** PROVIDED ENTRIES **
---+---

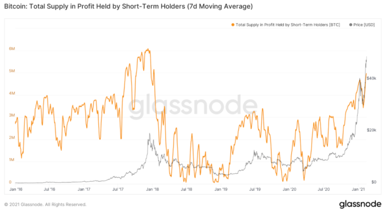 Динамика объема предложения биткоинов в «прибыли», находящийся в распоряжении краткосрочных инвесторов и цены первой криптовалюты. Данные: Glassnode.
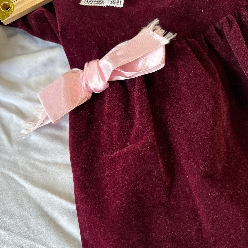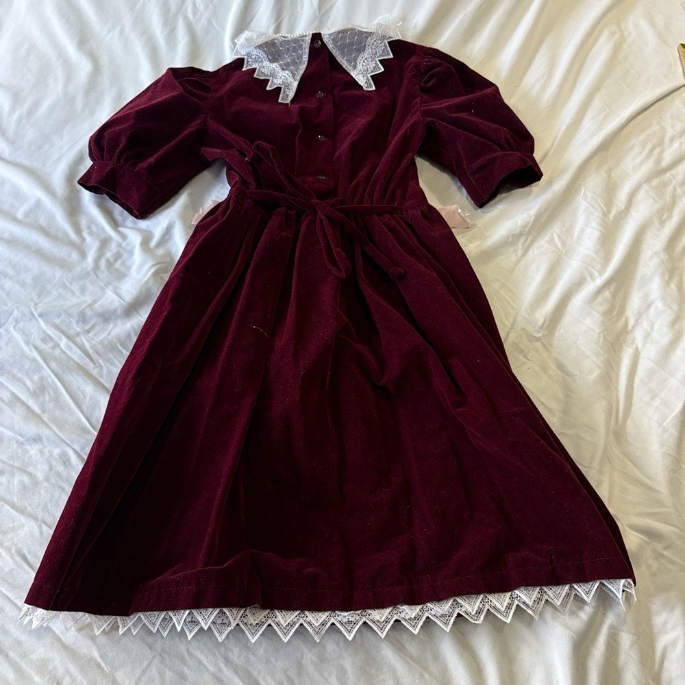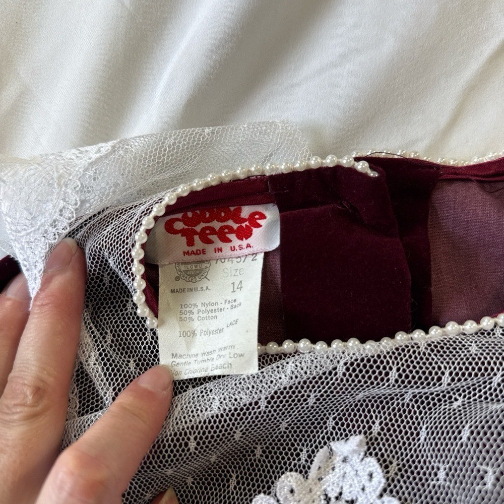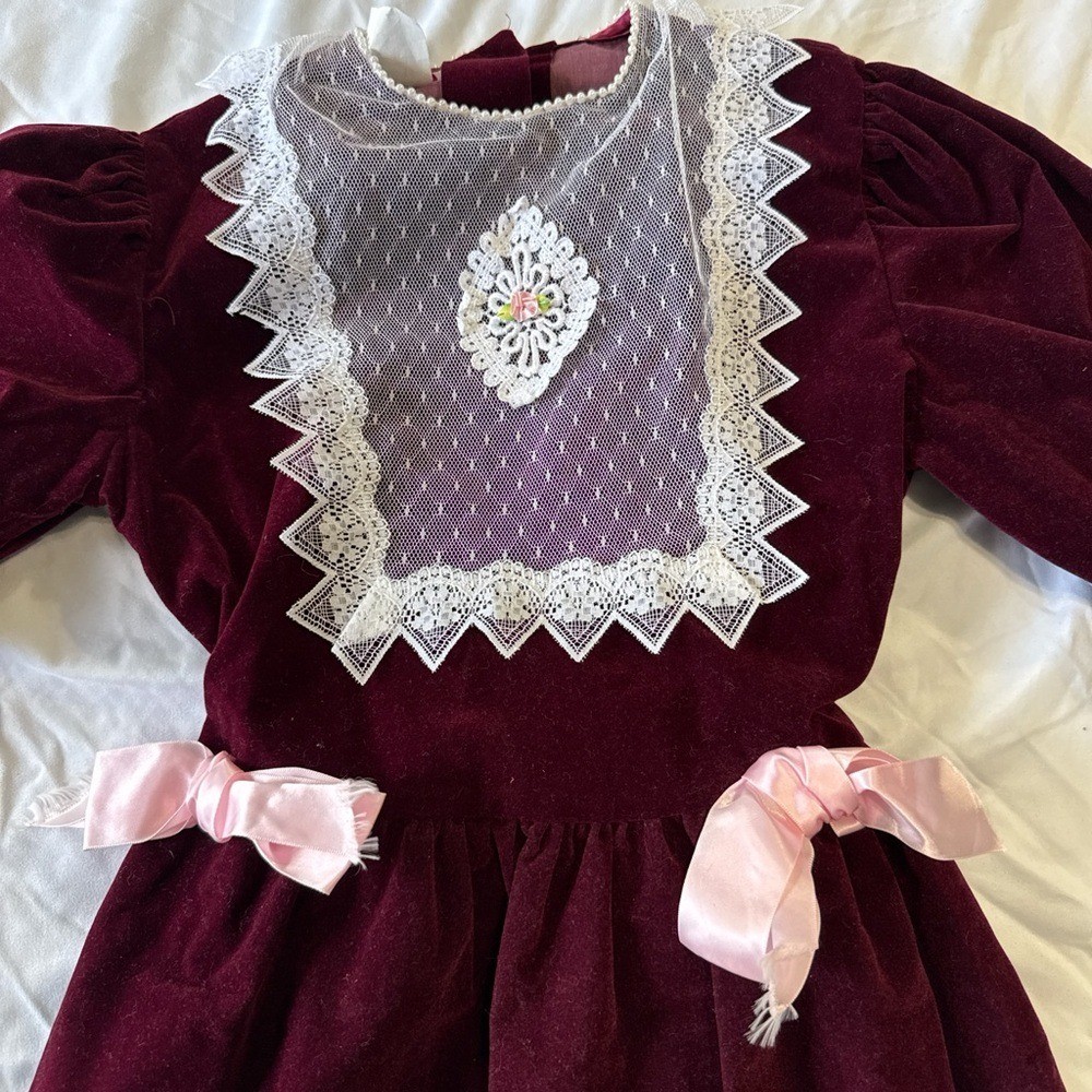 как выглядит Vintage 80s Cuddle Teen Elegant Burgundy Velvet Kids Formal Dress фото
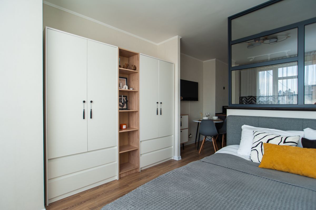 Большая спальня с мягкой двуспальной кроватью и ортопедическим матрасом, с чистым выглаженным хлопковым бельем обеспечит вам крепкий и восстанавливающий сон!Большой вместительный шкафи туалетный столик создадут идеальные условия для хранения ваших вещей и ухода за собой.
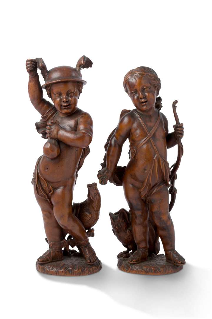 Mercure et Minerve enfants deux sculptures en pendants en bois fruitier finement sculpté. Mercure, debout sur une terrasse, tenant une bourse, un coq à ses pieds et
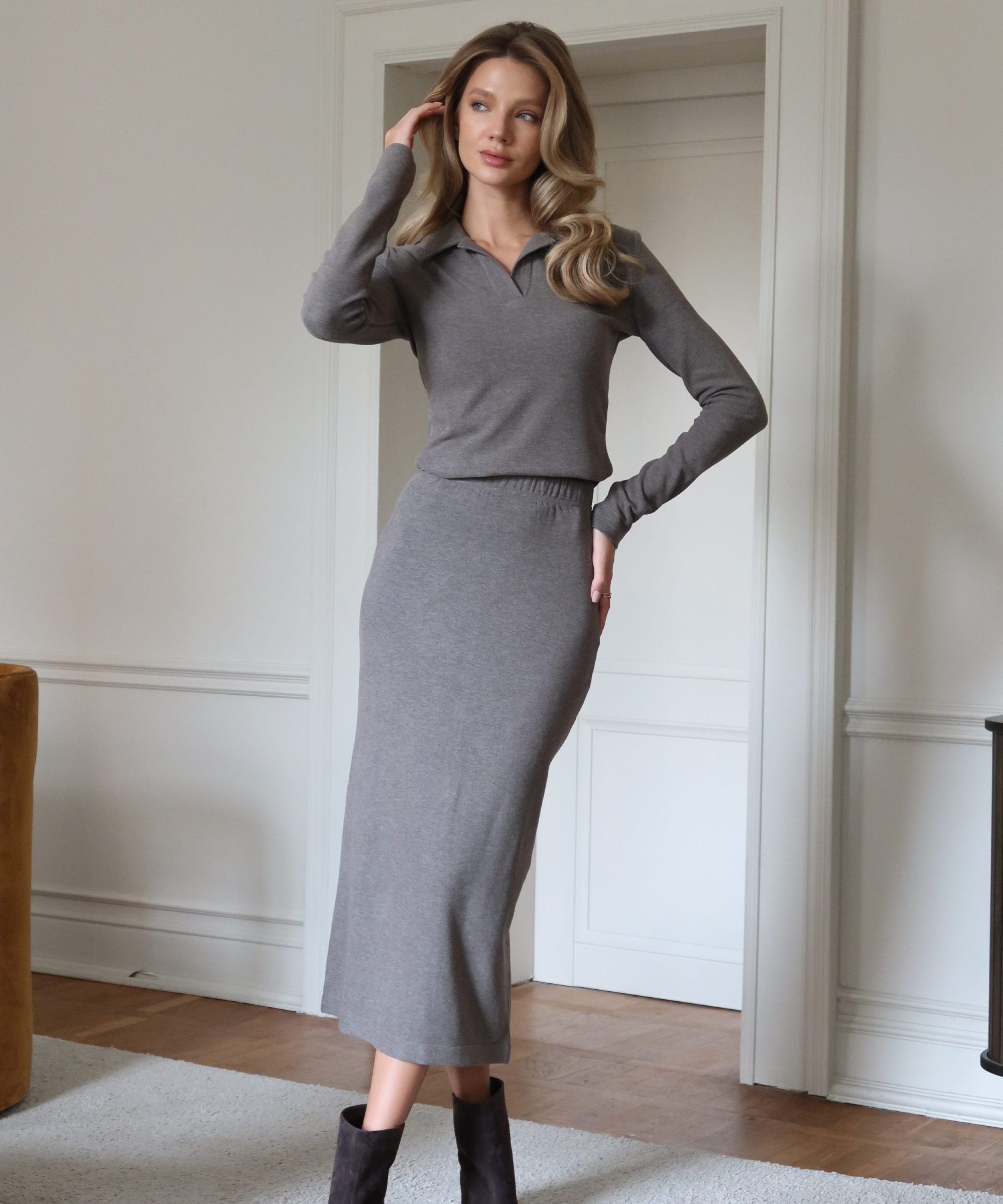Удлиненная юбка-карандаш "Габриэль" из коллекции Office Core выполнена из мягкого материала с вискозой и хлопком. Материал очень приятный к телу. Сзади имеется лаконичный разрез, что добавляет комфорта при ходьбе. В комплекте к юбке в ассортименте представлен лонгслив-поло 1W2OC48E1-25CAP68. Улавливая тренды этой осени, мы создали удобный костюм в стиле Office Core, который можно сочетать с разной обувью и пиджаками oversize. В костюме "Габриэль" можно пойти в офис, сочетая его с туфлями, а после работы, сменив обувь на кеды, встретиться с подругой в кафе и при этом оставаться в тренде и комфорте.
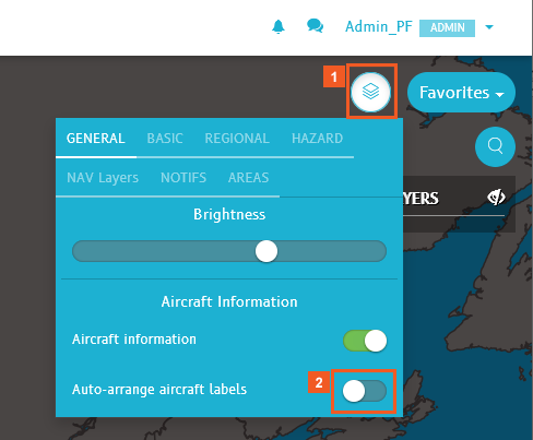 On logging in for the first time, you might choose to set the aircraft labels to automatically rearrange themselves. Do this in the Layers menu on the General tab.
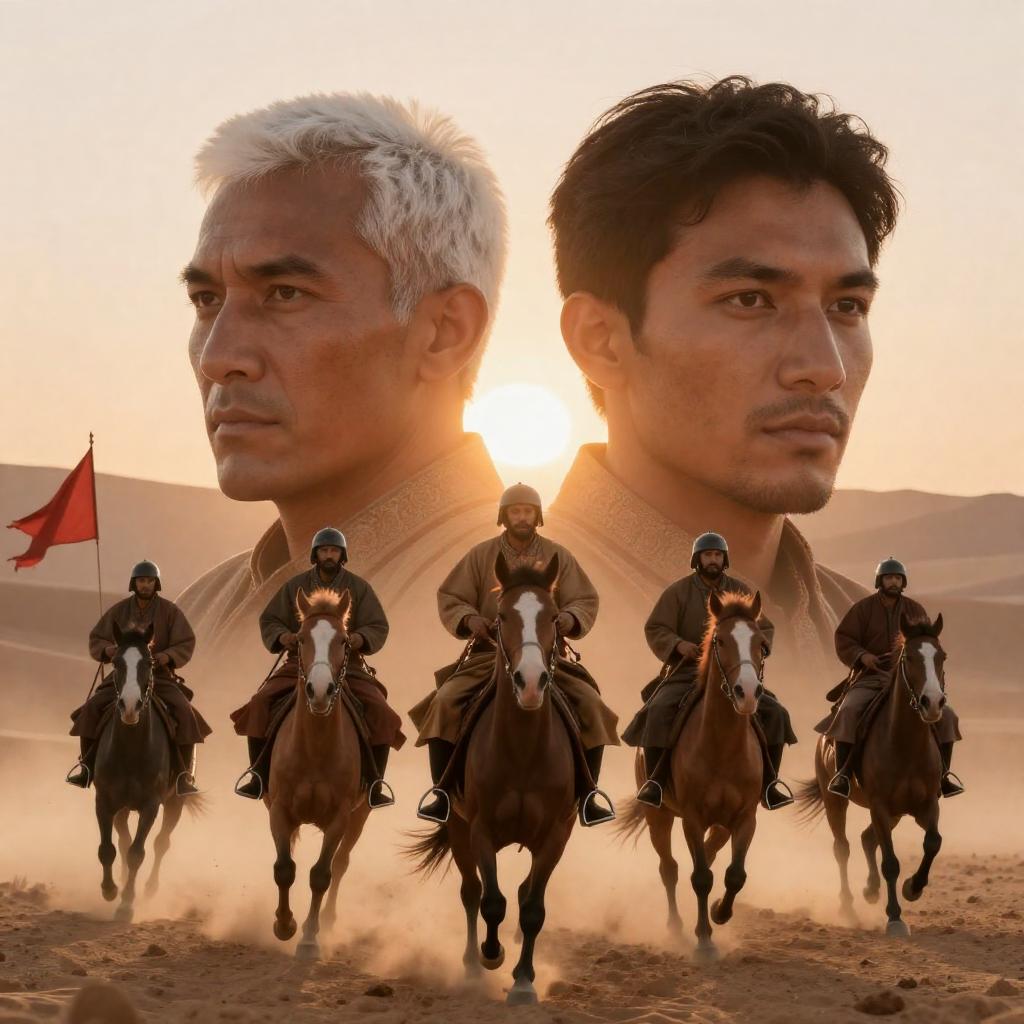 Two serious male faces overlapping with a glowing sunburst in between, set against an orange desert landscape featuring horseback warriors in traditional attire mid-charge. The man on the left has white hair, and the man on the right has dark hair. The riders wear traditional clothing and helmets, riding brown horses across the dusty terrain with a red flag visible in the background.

---+---

Leave out the pictures and retype the rest of the entries exactly.

 Динамика объема предложения биткоинов в «прибыли», находящийся в распоряжении краткосрочных инвесторов и цены первой криптовалюты. Данные: Glassnode.
 как выглядит Vintage 80s Cuddle Teen Elegant Burgundy Velvet Kids Formal Dress фото
 Большая спальня с мягкой двуспальной кроватью и ортопедическим матрасом, с чистым выглаженным хлопковым бельем обеспечит вам крепкий и восстанавливающий сон!Большой вместительный шкафи туалетный столик создадут идеальные условия для хранения ваших вещей и ухода за собой.
 Mercure et Minerve enfants deux sculptures en pendants en bois fruitier finement sculpté. Mercure, debout sur une terrasse, tenant une bourse, un coq à ses pieds et
Удлиненная юбка-карандаш "Габриэль" из коллекции Office Core выполнена из мягкого материала с вискозой и хлопком. Материал очень приятный к телу. Сзади имеется лаконичный разрез, что добавляет комфорта при ходьбе. В комплекте к юбке в ассортименте представлен лонгслив-поло 1W2OC48E1-25CAP68. Улавливая тренды этой осени, мы создали удобный костюм в стиле Office Core, который можно сочетать с разной обувью и пиджаками oversize. В костюме "Габриэль" можно пойти в офис, сочетая его с туфлями, а после работы, сменив обувь на кеды, встретиться с подругой в кафе и при этом оставаться в тренде и комфорте.
 On logging in for the first time, you might choose to set the aircraft labels to automatically rearrange themselves. Do this in the Layers menu on the General tab.
 Two serious male faces overlapping with a glowing sunburst in between, set against an orange desert landscape featuring horseback warriors in traditional attire mid-charge. The man on the left has white hair, and the man on the right has dark hair. The riders wear traditional clothing and helmets, riding brown horses across the dusty terrain with a red flag visible in the background.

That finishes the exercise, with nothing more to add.